Joshua Peter Record (born 20 November 1987) is an English singer-songwriter who has released one album, Pillars, and one EP. He has also had various success as a songwriter and producer for many artists including Sigala, Paloma Faith, Becky Hill, Tom Grennan, Tiesto, Merk & Kremont, Joe Jonas, DNCE, Ella Henderson, Anne Marie, MNEK and LP.

Early life
Josh Record was born in Stroud, Gloucestershire, England, the son of a BFBS DJ, whom he cites as "my greatest influence". At the age of 16 he moved to London to study music at the BRIT School. He became involved in local charities on the Alton Estate teaching music and participating in related projects, working with young people involved in gangs.

Music career

His first release on indie label National Anthem in 2012 made it to number 2 in the Singer Songwriter charts on iTunes in the UK. The lead track "For Your Love" was heralded by everyone from Steve Lamacq to Zane Lowe to The Sunday Times who said "His keening falsetto invites comparisons to Bon Iver's Justin Vernon... Record has a sensational debut album in him".

His next self produced EP "The War" received critical acclaim and Zane Lowe made the title track his "Hottest Record of 2013" on BBC Radio 1, as well as live performances on BBC Radio 2, and BBC Radio 6 Music.

In 2013 Josh Record signed a deal with Virgin Records and in late November 2013 went on to release his EP "Bones", that has been play listed on BBC Radio 1. "Bones" EP also features remixes from Alt-J, Fryars, and FTSE. Bones was also the featured song to close the winter finale episode of the tenth season of Grey's Anatomy.

In March 2014, Josh Record re-released "For Your Love" on Virgin Records. Zane Lowe of BBC Radio 1 made it his "Hottest Record in The World" on 26 February 2014. The song was remixed by London Grammar.

Josh Record's debut album Pillars was released on 14 July 2014, receiving 5-star reviews from the Sunday Times and Daily Mail. This was followed by a sold-out headline tour in October.

He has written and produced for many artists and signed a publishing deal with Warner Chappell in 2017. He has been working with Sigala, Paloma Faith, Dua Lipa, Becky Hill, Tom Grennan, Tiësto, Merk & Kremont, Joe Jonas, DNCE, Anne Marie, Ella Henderson, MNEK, David Guetta, Calum Scott, Wilkinson, Mr. Probz, Steve Aoki, Don Diablo, Tim Hughes, Jones and Jorja Smith as well as many others.

In 2014 he co wrote and produced the Official UK Top 20 Single Yours, by Ella Henderson.

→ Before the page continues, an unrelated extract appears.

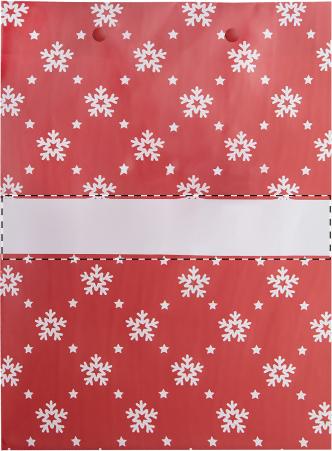 Sacchetto regalo in carta laminata opaca con design Natalizio, area di stampa bianca ed etichetta regalo.

In 2016 he co wrote and produced LP's Muddy Waters that received international recognition after closing Season 4 of Orange Is The New Black.

In 2018 he co wrote the Top 10 UK single 'Lullaby' for Sigala and Paloma Faith.

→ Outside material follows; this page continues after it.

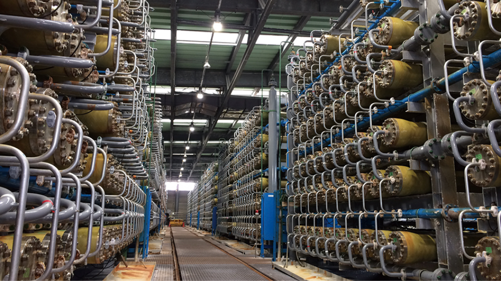 淡水化プロセスで発生する高圧海水のエネルギーを回収することで、省エネを実現しています。

In 2018 he co wrote and produced Merk & Kremont's track Hands Up featuring DNCE and the vocals of Joe Jonas.

Discography

Albums
 14 July 2014 - Pillars

EPs

 June 2013 - The War

Singles

 July 2013 - The War
 November 2013 - Bones
 January 2014 - Wonder
 March 2014 - For Your Love
 July 2014 - Wide Awake
 June 2017 - Do

Music videos published on YouTube & Vevo
 2 July 2013 - The War
 29 October 2013 - Bones
 12 March 2014 - For Your Love
 14 June 2014 - Wide Awake

Songwriting Credits
 indicates a background vocal contribution.

 indicates an un-credited vocal contribution.

Live performance

Josh Record played throughout the summer of 2013 and 2014 at music festivals including Glastonbury Festival, Hard Rock Calling, Latitude Festival, and T in The Park Festival.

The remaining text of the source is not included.